------ Records provided ------

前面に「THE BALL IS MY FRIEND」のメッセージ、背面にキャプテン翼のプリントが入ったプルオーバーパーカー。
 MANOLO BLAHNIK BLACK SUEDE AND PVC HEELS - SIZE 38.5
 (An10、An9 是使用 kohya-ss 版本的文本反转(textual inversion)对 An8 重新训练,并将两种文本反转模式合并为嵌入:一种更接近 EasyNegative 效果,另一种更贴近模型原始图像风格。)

------
------ Records provided ------

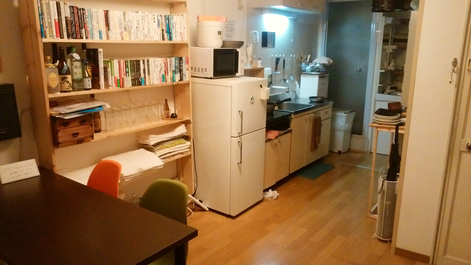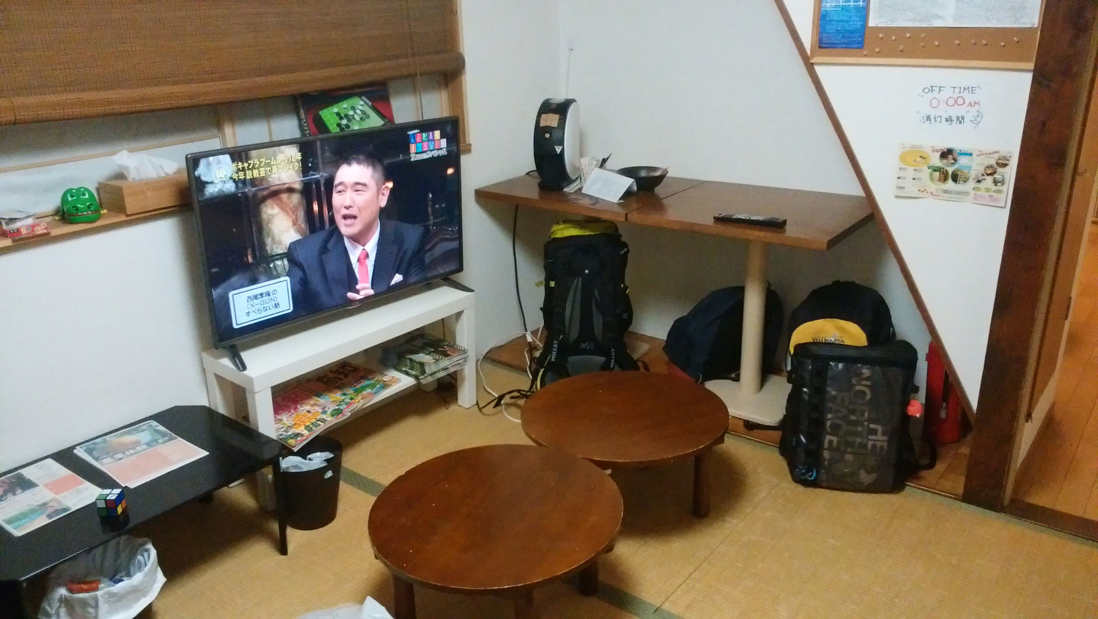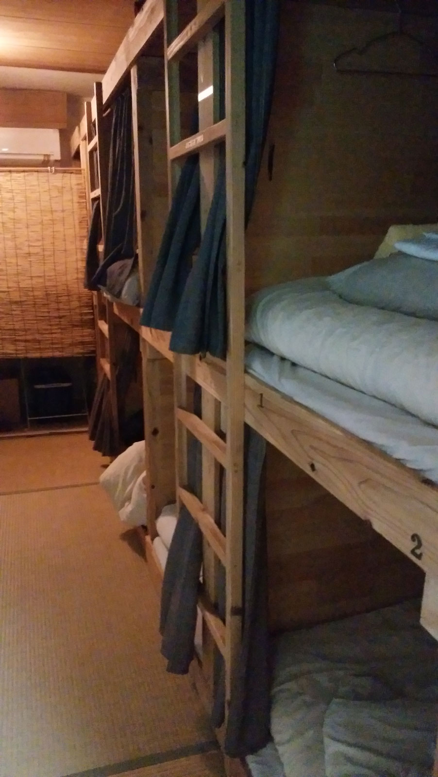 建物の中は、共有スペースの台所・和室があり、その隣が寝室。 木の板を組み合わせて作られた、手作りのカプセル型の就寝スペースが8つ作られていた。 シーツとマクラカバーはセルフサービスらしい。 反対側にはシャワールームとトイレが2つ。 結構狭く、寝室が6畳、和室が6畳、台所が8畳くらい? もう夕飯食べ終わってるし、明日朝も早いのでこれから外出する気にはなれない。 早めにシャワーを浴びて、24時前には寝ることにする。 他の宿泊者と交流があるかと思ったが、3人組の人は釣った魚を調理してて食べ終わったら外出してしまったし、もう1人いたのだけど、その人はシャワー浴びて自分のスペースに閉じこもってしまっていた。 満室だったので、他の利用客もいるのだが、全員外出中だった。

------

# About this exercise
Please reproduce, exactly as they appear above, the lines from the line containing "前面に「THE BALL IS" up to and including the line containing "(An10、An9 是使用 kohya-ss".

# Exercise result
前面に「THE BALL IS MY FRIEND」のメッセージ、背面にキャプテン翼のプリントが入ったプルオーバーパーカー。
 MANOLO BLAHNIK BLACK SUEDE AND PVC HEELS - SIZE 38.5
 (An10、An9 是使用 kohya-ss 版本的文本反转(textual inversion)对 An8 重新训练,并将两种文本反转模式合并为嵌入:一种更接近 EasyNegative 效果,另一种更贴近模型原始图像风格。)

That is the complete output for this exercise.